BMC Cardiovasc Disord 2017 05 10;17(1):118. Epub 2017 May 10.
Division of Molecular and Clinical Medicine, Medical Research Institute, University of Dundee, Dundee, DD1 9SY, UK.
Background: Carotid-femoral pulse wave velocity (cf-PWV) and aortic PWV measured using MRI (MRI-PWV) show good correlation, but with a significant and consistent bias across studies. The aim of the current study was to evaluate whether the differences between cf.-PWV and MRI-PWV can be accounted for by inaccuracies of currently used distance measurements.

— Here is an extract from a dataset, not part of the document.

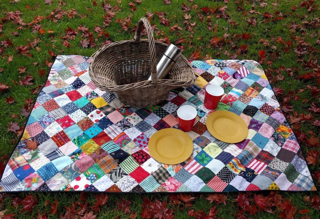 Wat een leuk idee! Zowel de “gesprokkelde” inhoud van de mand als het patchwork kleedje.

Methods: One hundred fourteen study participants were recruited into one of 4 groups: Type 2 diabetes melltus (T2DM) with cardiovascular disease (CVD) (n = 23), T2DM without CVD (n = 41), CVD without T2DM (n = 25) and a control group (n = 25). All participants underwent cf.-PWV, cardiac MRI and whole body MR angiography(WB-MRA). 90 study participants also underwent aortic PWV using MRI. cf.-PWV was performed using a SphygmoCor device (Atcor Medical, West Ryde, Australia). The true intra-arterial pathlength was measured using the WB-MRA and then used to recalculate the cf.-PWV to give a cf.-PWV.
Results: Distance measurements were significantly lower on WB-MRA than on external tape measure (mean diff = -85.4 ± 54.0 mm,p < 0.001). MRI-PWV was significantly lower than cf.-PWV (MRI-PWV = 8.1 ± 2.9 vs. cf.-PWV = 10.9 ± 2.7 ms,p < 0.001). When cf.-PWV was recalculated using the inter-arterial distance from WB-MRA, this difference was significantly reduced but not lost (MRI-PWV = 8.1 ± 2.9 ms vs. cf.-PWV 9.1 ± 2.1 ms, mean diff = -0.96 ± 2.52 ms,p = 0.001). Recalculation of the PWV increased correlation with age and pulse pressure.
Conclusion: Differences in cf.-PWV and MRI PWV can be predominantly but not entirely explained by inaccuracies introduced by the use of simple surface measurements to represent the convoluted arterial path between the carotid and femoral arteries.